The present invention relates to kinematics and the structure of rotary-piston machines equipped with a planetary train. Such train provides for a reciprocal and relative rotationally oscillatory movement of the positive-displacement members of the rotary-piston machines, such as vanes, plungers, cups that are disposed in one casing (stage).
The rotary-piston machines equipped with such planetary trains, depending on any auxiliary equipment, can operate as rotary internal combustion engines on any liquid and/or gaseous fuel with internal and/or external carburation. Also, rotary internal combustion engines with such kinematic trains can be used as rotary external combustion engines operating on the Stirling principle [1].

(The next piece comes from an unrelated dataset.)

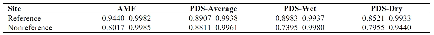 When LP3 was fitted to AMF and dry PDS data, 24–31% of reference and nonreference sites across the US provided reliable the 2-year flood estimates (R < 1, ). For average and wet PDS, only 12–20% of sites had R < 1. Two regions—the west (Rio Grande, Lower Colorado, Great Basin, and Pacific Northwest) and the east (Lower Mississippi, Tennessee, Mid-Atlantic, and New England)—had more sites with R < 1 when LP3 was fitted to dry PDS (a). It suggests that frequent 2-year floods may be better represented by low peak flows from dry year records. Investigating the link between atmospheric circulation patterns and streamflow variations in dry years could help clarify the mechanisms generating high-frequency floods in these regions [

Such machines are designed for:
(a) various, preferably small-size vehicles such as motorcars, cabs and light-duty trucks;
small-size water crafts such as motorboats, small ships, and yachts;
ultralight and light aircraft such as paramotors, powered hang gliders, airplanes, and particularly light-weight helicopters;
(b) motor systems for recreational activities and leisure sports, such as motorcycles, four wheeled bikes, scooters, and snowmobiles;
(c) tractors and other farm implements, preferably for farms, and
(d) compact and mobile units such as “rotary internal combustion engine-electric generator.”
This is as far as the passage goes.